Nerv getroffen! Prisca hätte keine schönere Bestätigung für Axillas Zielgenauigkeit geben können, als eben jenen kalten Blick. Entweder hatte Axilla die Aurelia damit ganz kalt erwischt, oder aber dieser Teil der Familiengeschichte war etwas, dass die Aurelia gern unter den Teppich gekehrt hätte.
So oder so, eine weise Frau hätte es damit gut sein lassen und sich damit begnügt, hier einen feinen Stich angebracht zu haben. Zu demonstrieren, dass trotz noch so hochnäsiger Worte man jederzeit dazu willens und vor allen Dingen fähig war, die Nase des Gegenübers ein paar Stockwerke tiefer zu bekommen. Nur eine kleine Machtdemonstration eben. Und sich an dem aufplusternden Getue nicht weiter zu stören sondern es nur als Untermalung des eigenen Sieges anzusehen. Nun, Axilla war nicht weise. Und schon gar nicht friedlich. Und schon weitaus wichtigere Persönlichkeiten hatten feststellen müssen, dass sie es mit ihrer Familienehre sehr genau nahm und sich bei dieser nicht beleidigen ließ. Auch nicht von scheinbar wohlmeinenden Neuadeligen.
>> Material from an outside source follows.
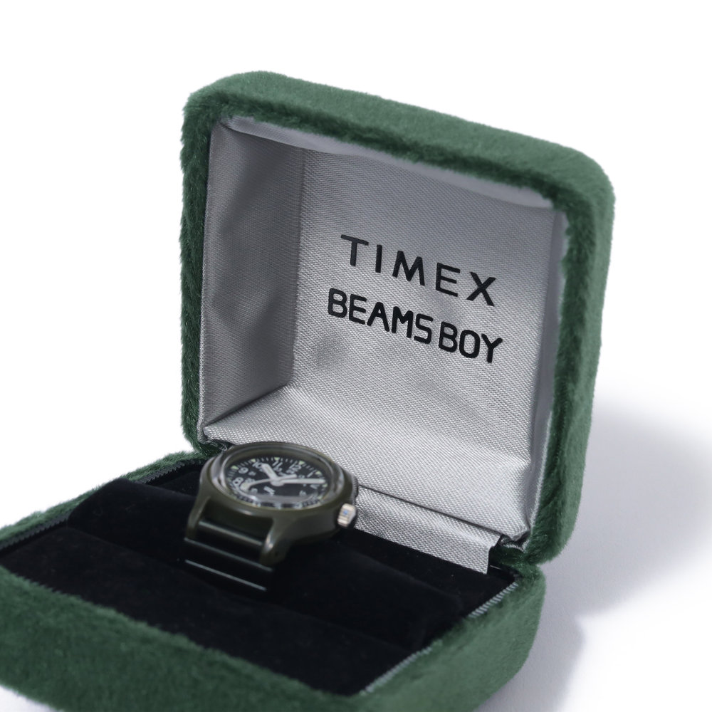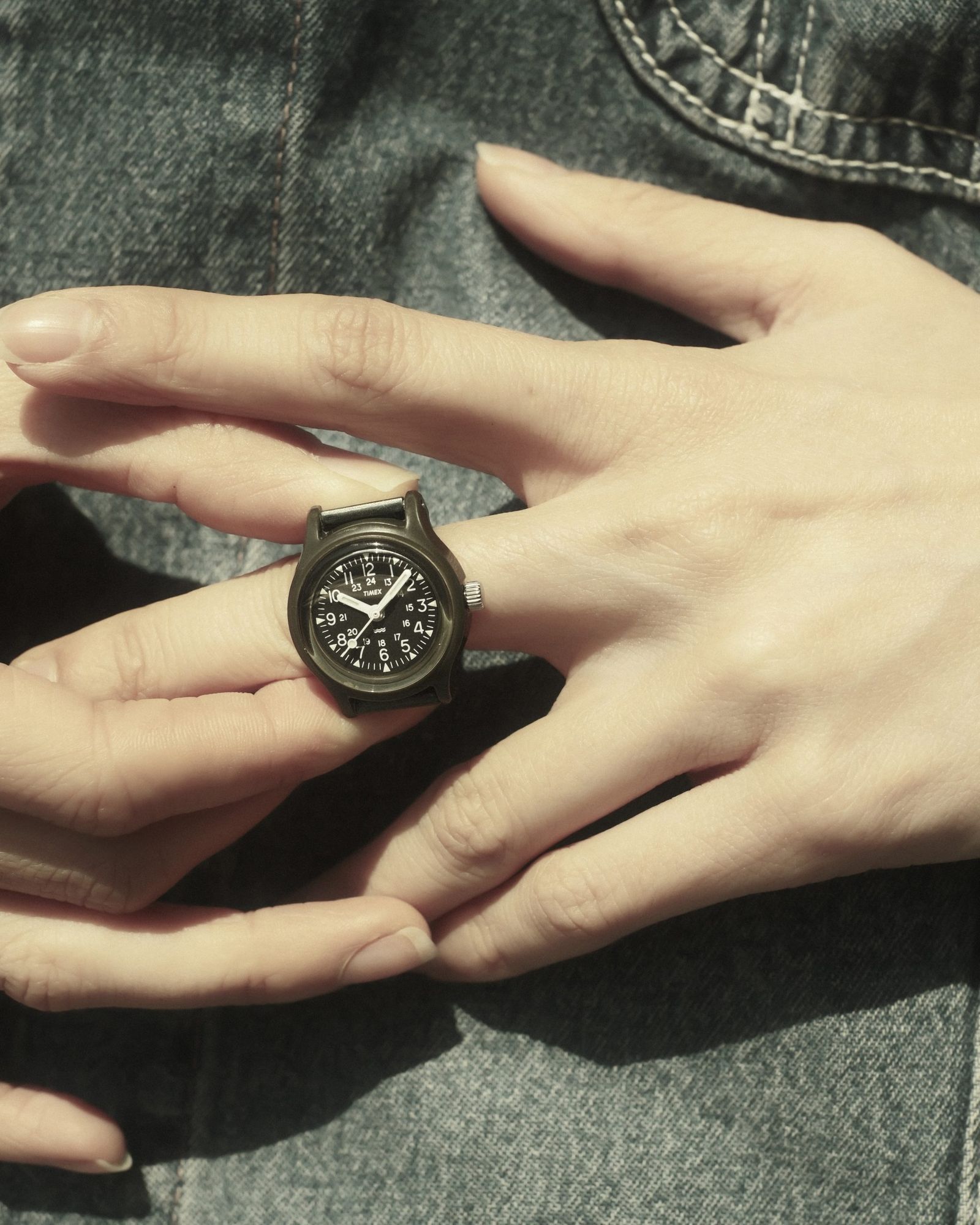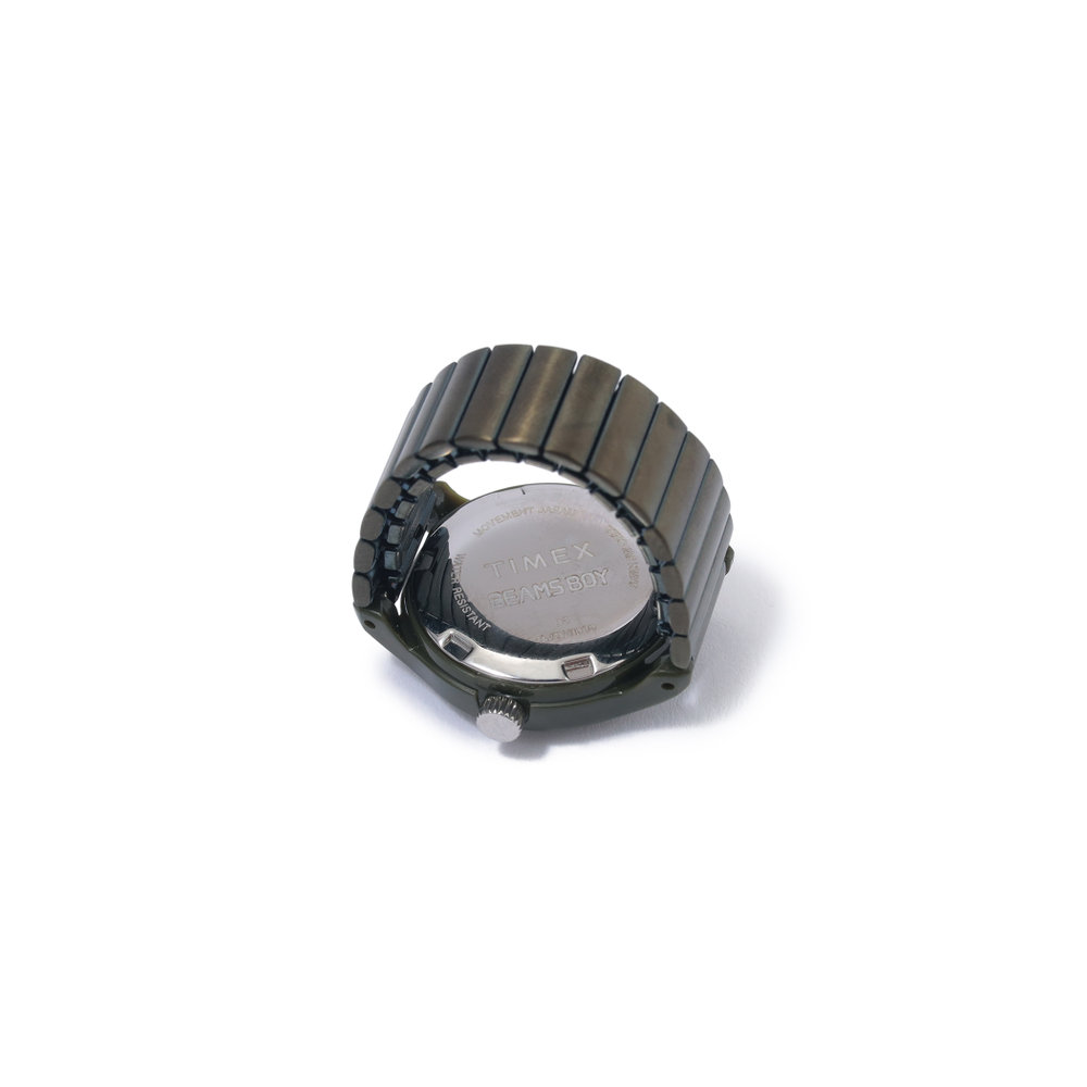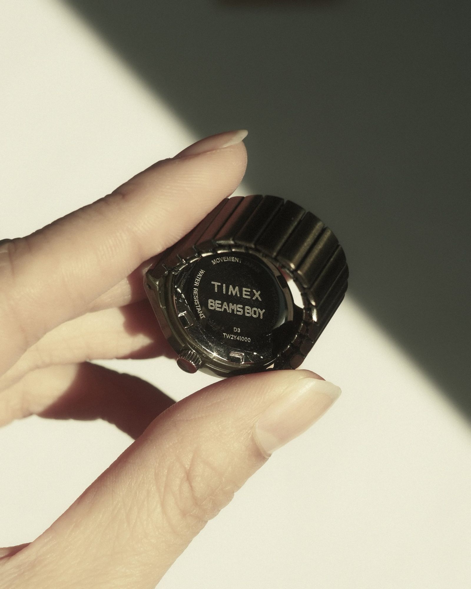 本作は、「ビームス」の創業50周年を記念したアイテム。「タイメックス」を代表するミリタリーウオッチ “オリジナル キャンパー”をベースに、1990年代に展開していたリング型ウオッチのデザインを着想源として再構築した。
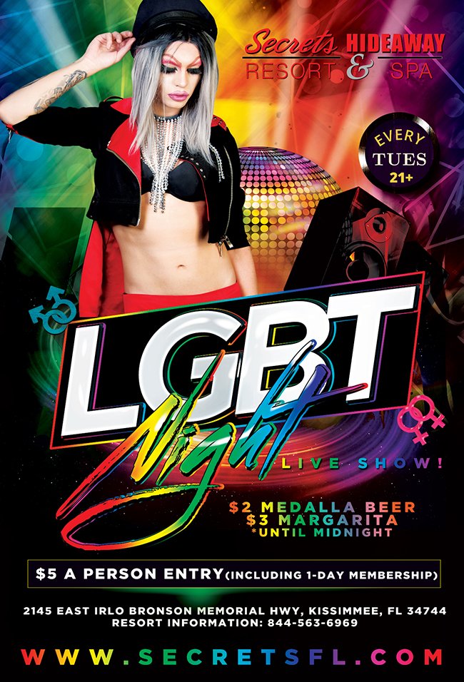LGBT Night EVERY TUESDAY. Join us and enjoy this electrically charged night with the stunningly energetic and beautiful performers with their super-hot Drag Show. This night will be filled with erotic music, dancing, and our DJ will be spinning today’s top hits. We will have $2 Medalla Beer, $3 shots, and $3 margaritas until Midnight.

Leider aber kam Seiana zwischen Axilla und ihre direkte Antwort, die schon als giftige Bemerkung auf ihrer Zunge lag. So nahm Axilla stattdessen einen Schluck Wasser und noch ein kleines Häppchen Fleisch – man wollte ja sich nicht auch noch mit der Gastgeberin anlegen, weil diese dachte, man verschmähe ihre Gastfreundschaft – und wartete auf das Ende der Worte der Decima. Leider passte ihre eigentliche Antwort nun nicht mehr, allerdings war Axilla doch recht schmerzfrei, was politisch korrekte Höflichkeit anging, oder gar die Möglichkeit, einen Rückzieher zu machen. Ein Soldat Roms wich nicht zurück! Das hatte ihr Vater mehr als einmal gesagt. Rom weicht nicht zurück, und seine Soldaten auch nicht. Und sie war vielleicht nicht Rom und sicher kein Soldat, dennoch verlangte es ihr Stolz, keinen einzigen digitus zurückzuweichen.
Mit leichtem Amüsement, das aus ihrer Stimme beim Reden herauszuhören war, wandte sie sich ganz ruhig und überaus freundlich an Prisca. “Wie Decima Seiana schon sagte, für die Acta Diurna benötigt man so etwas wie ein wenig Grundneugier. Und gerade, weil ich Iunia bin, interessiert es mich natürlich, was neuerdings an Familien aufsteigt und was nicht. Auch wenn ich Händler aus Syria nun nicht dem Pöbel zuordnen würde.“
Sicher, Prisca hatte das, was sie gesagt hatte, nicht so gemeint. Aber sie hatte in einem Atemzug die eigenen plebejischen Wurzeln erwähnt, dass diese nichts nützten, und im nächsten Atemzug darauf hingewiesen, dass sie mit dem Plebs nur den Pöbel meinte. Man konnte also mit Fug und Recht behaupten, dass sie ihre eigenen plebejischen Wurzeln grade als solche bezeichnet hatte, die der untersten Kategorie der römischen Gesellschaft entsprangen, und das auch noch mit einem Ton, der an Abfälligkeit und Hochmut kaum zu überbieten war. Und es benötigte nicht viel Interpretationsfähigkeit, um daraus einen abfälligen Kommentar über ihre eigene Familiengeschichte herauszuhören.
“Gut, sicher sind sie keine Italiker, und nicht jeder kann auf acht Jahrhunderte Familiengeschichte zurückgreifen, oder sich bis zu den Weggefährten Aeneas zurückführen. Aber ich bin sicher, dass auch dort ehrbare Römer zu finden sind. Andernfalls würde unser Kaiser denke ich nicht so großzügig mit den Privilegien eines hohen Standes sein.“
Zuckersüß, unschuldig, sogar die Aurelia ein wenig in Schutz nehmend. Ja, Axilla war durchaus zufrieden mit sich. Ob die Aurelia sie leiden mochte oder nicht, war ihr hingegen vollkommen egal. In Axillas Augen hatte sie versucht, die Iunier zu beleidigen und damit dieses bisschen Spott mehr als verdient.